On Wed, Jul 6, 2016 at 5:22 PM, Kristopher Kane <[email protected]>
wrote:

> Hi Ben, rather. :-)
>
> On Wed, Jul 6, 2016 at 6:21 PM, Kristopher Kane <[email protected]
> >
> wrote:
>
> > Hi David,
> >
> > Looks like you are on the right track but you may have a hard time
> turning
> > off Knox auth while the cluster without kerberos - at least I have never
> > done this.  Might be best to assume Knox authentication from the start
> and
> > then you don't have to worry about it once the cluster is Kerberized. ->
> > This is the approach I would go with.
> >
> > Depending on your WebHDFS usage you might consider multiple Knox
> instances
> > behind a load balancer of your choice - like Apache httpd or HAProxy.

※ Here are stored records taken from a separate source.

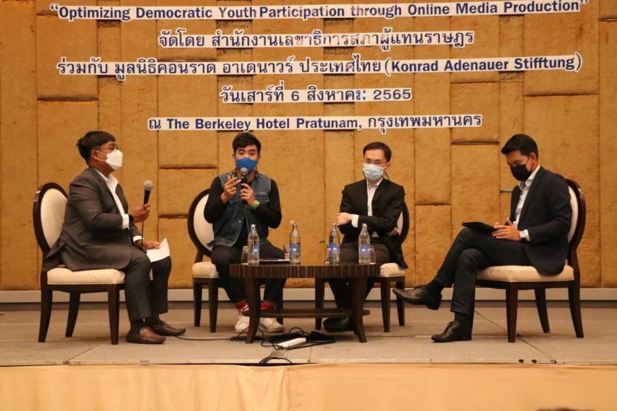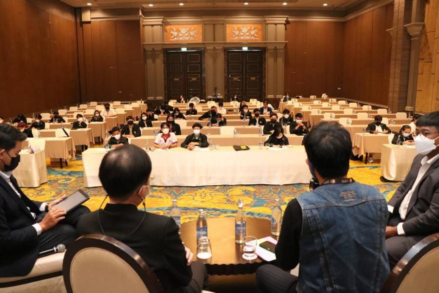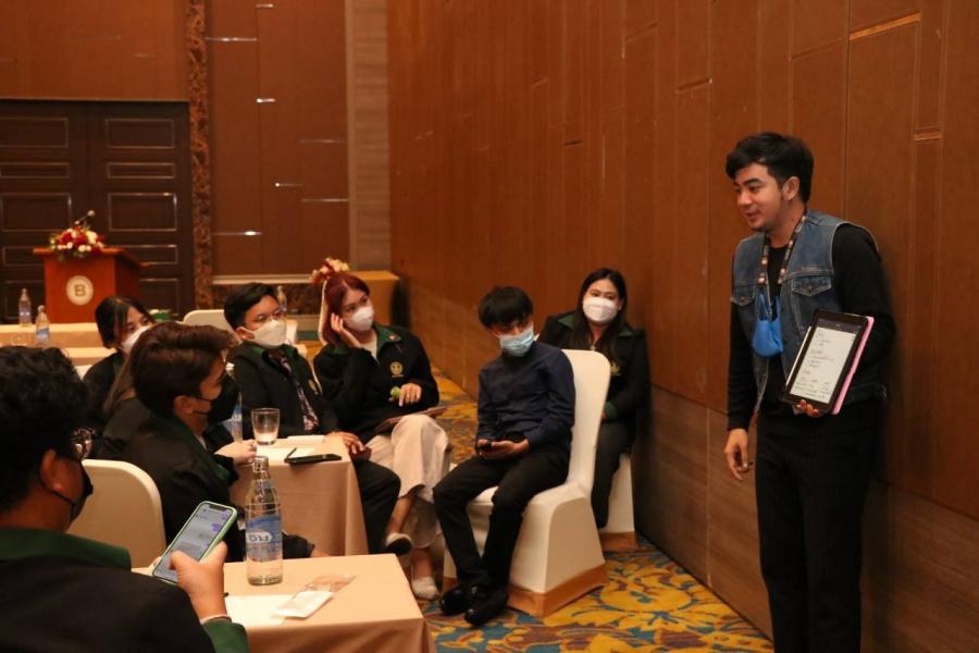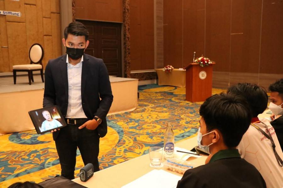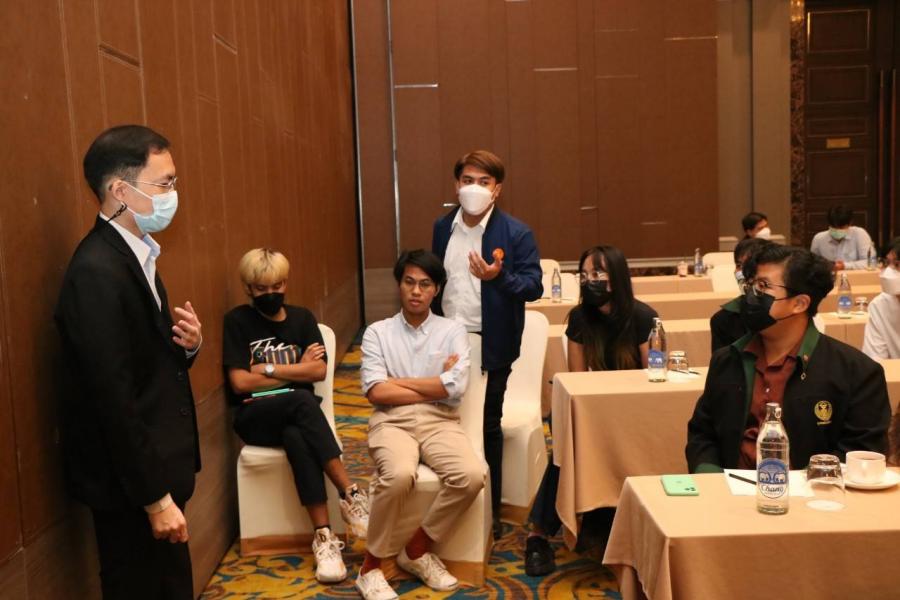การแบ่งกลุ่มฝึกปฏิบัติ เรื่อง การเสริมศักยภาพด้านการเป็นผู้ดำเนินรายการ การรวบรวมประเด็นวิชาการ และการประชาสัมพันธ์ ในการอบรมเชิงปฏิบัติการ เรื่อง การเพิ่มประสิทธิภาพยุวชนประชาธิปไตยเพื่อการสร้างสรรค์สื่อออนไลน์ ณ โรงแรม เดอะ เบอร์เคลีย์ ประตูน้ำ กรุงเทพฯ
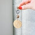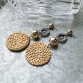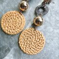ラタン、ゴールドボール、ストライプフープがぶら下がったピアス。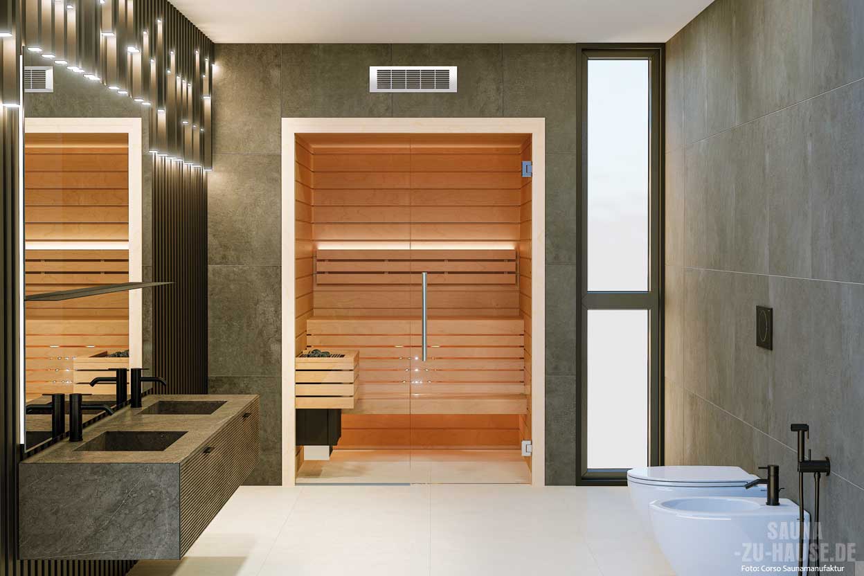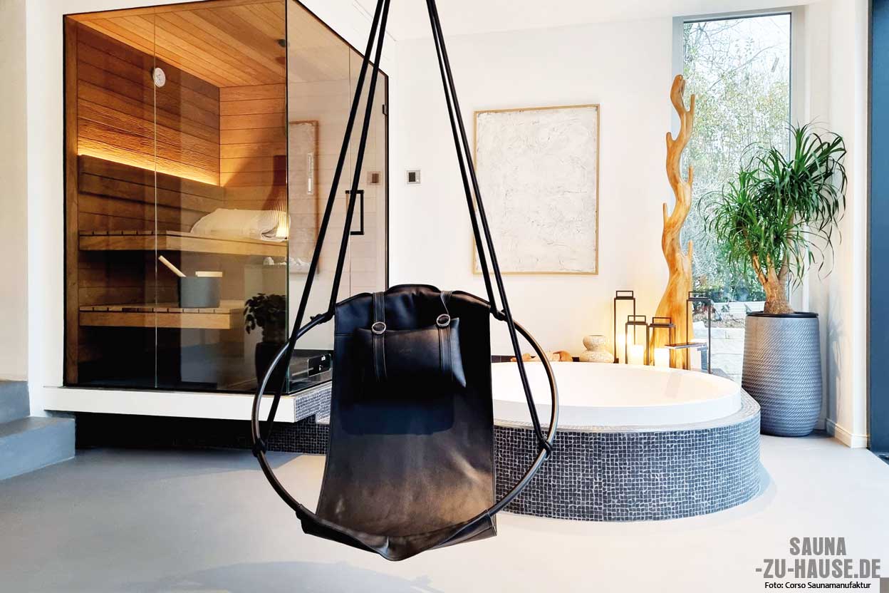 Diese maßgefertigte Ecksauna von Corso mag zwar klein sein, doch sie beeindruckt durch ihre geräumige Wirkung dank der zweiseitigen Verglasung über Eck für ein großzügiges Raumgefühl und den schwebenden Saunabänken. Die Gestaltung aus Thermo-Espe verleiht der Sauna einen modernen und zugleich gemütlichen Charme. Trotz des begrenzten Platzes wurde das Maximum an Komfort und Luxus herausgeholt, was zu einer rundum gelungenen Wellness-Oase geführt hat. | www.corsosaunen.de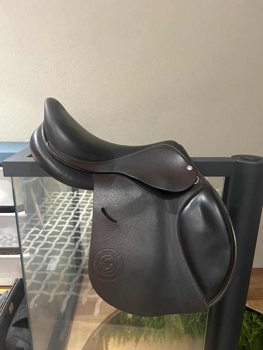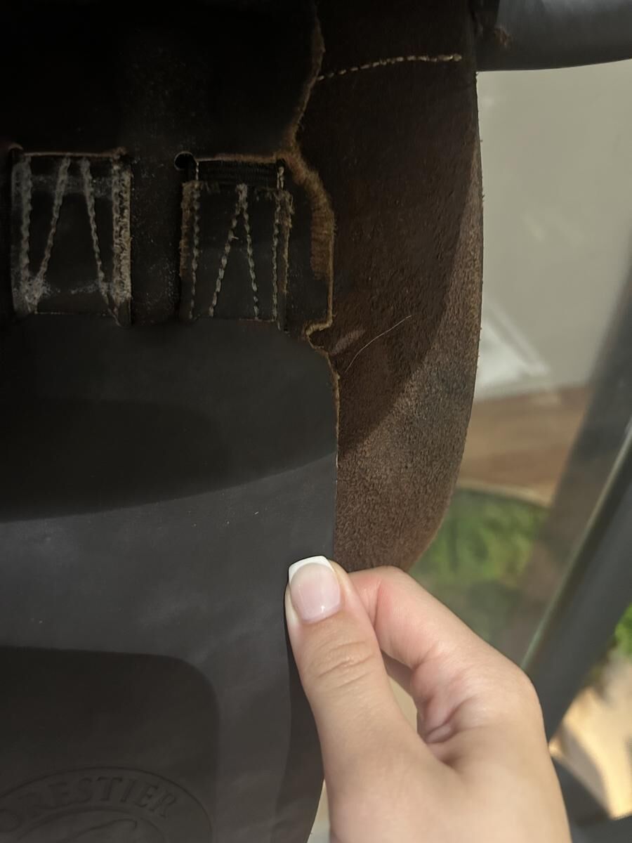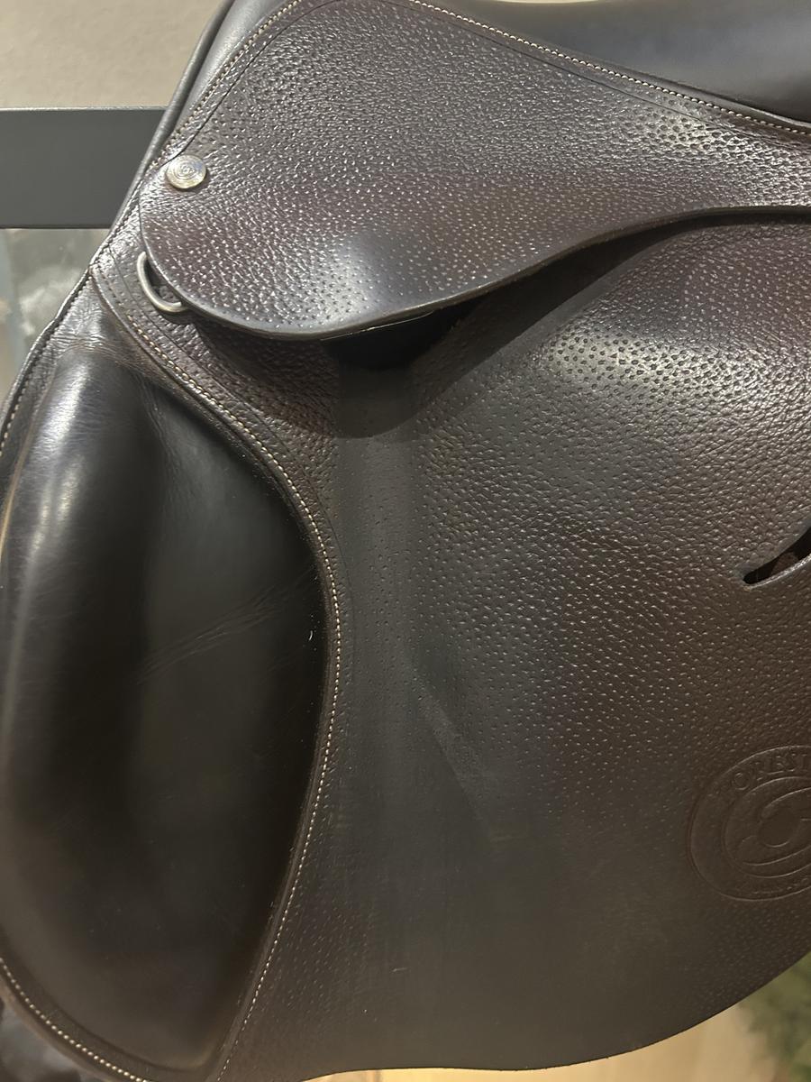 Je vends ma selle forestier Prem’s Junior couleur havane, elle est en très bon état mise à part les taches sur le siège et le cuir au dessus des sanglons (à voir sur les photos),

> > Remember that your WebHDFS useage was a data transfer from the DataNode
> > direct and Knox will become a funnel for that same data transfer which
> > might require a fan out of Knox instances for load distribution.
> >
> > Kris
> >
> >
> >
> >
> > On Wed, Jul 6, 2016 at 10:43 AM, Benjamin Ross <
> [email protected]>
> > wrote:
> >
> >> Hi Apache Knox devs,
> >> I've been in contact with Larry McCay to figure out a reasonable
> solution
> >> for my use case.  I haven't gotten a chance to play around with Knox yet
> >> but in theory it will solve my problem - a three-phased upgrade should
> >> hopefully work.  My specific use case is described below.  Any ideas are
> >> welcome.  Thanks in advance.
> >>
> >> Consider that we have:
> >> 1. A Hadoop cluster running without Kerberos
> >> 2. A number of services contacting that hadoop cluster and retrieving
> >> data from it using WebHDFS.
> >>
> >> Now what happens when we enable Kerberos on the cluster?  We still need
> >> to allow those services to contact the cluster without credentials
> until we
> >> can upgrade them.  Otherwise we'll have downtime.  So what can we do?
> >>
> >> As a possible solution, is there any way to allow unprotected access
> from
> >> just those machines until we can upgrade them?
> >>
> >> Thanks,
> >> Ben
> >> As a proposed solution for a zero-downtime upgrade, it looks like a
> >> potential path forward is something like:
> >>
> >>   1.  Stand up Apache Knox
> >>   2.  Modify the webhdfs traffic to point to the proxy and provide
> >> credentials (that are ignored)
> >>   3.  Kerberize the Hadoop cluster and modify proxy so that it provides
> >> credentials
> >>
> >> Thanks in advance,
> >> Ben
> >>
> >>
> >> ________________________________
> >> From: Larry McCay [[email protected]]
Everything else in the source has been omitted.